In this section we will learn to make more generic rules using wildcards, and placeholders. We will also learn about the expand() utility.

In this Section:

  1. Use expand() to simplify our rule all
  2. Use wildcards to make a generic rule to run bcftools.
  3. Use placeholders to simplify our rule.

expand()

At the end of the last section, our target rule looked like this:

rule all:
    input: "results/chr21_stats.txt", "results/chr22_stats.txt"

You might imagine that if we wanted to generate statistics for all 22 chromosomes, this line would get long and difficult to read. To solve this problem, we can use expand(). The line

expand("results/chr{c}_stats.txt", c = ["21", "22"])

indicates the list of strings ["results/chr21_stats.txt", "results/chr22_stats.txt"]. This is equivalent to

expand("results/chr{c}_stats.txt", c = range(21, 23))

which is a little more convenient. We could also have multiple keys in expand(). For example,

expand({sample}_{time}.txt, sample = ["HG00096", "HG00097", "HG00099"], time = [1, 2] )

will expand to ['HG00096_1.txt', 'HG00096_2.txt', 'HG00097_1.txt', 'HG00097_2.txt', 'HG00099_1.txt', 'HG00099_2.txt'].

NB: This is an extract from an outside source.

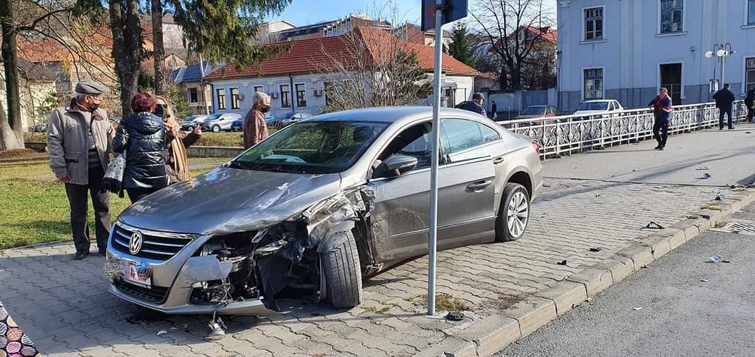 Un accident s-a petrecut în în centrul municipiului Petroşani. O mașină a ajuns pe trotuar, după ce a intrat în coliziune cu alt autoturism. Din fericire, pe trotuar nu se afla niciun trecător.

Use expand() to modify the all rule. Change this rule so that it also requests the file "results/chr201_stats.txt". Run

snakemake -n -p

You should see an error

Missing input files for rule all:
    affected files:
        results/chr20_stats.txt

This occurs because the file for chromosome 20 doesn’t exist and there are no rules telling Snakemake how to create it.

Wildcards

So far, we have written two different rules to produce "results/chr21_stats.txt" and "results/chr22_stats.txt". We could write a third rule for chromosome 20 but this isn’t very efficient. Instead, we can use a wildcard to write a generic rule. The wildcard is the part of the rule we want to be able to substitute out, in this case the chromosome number.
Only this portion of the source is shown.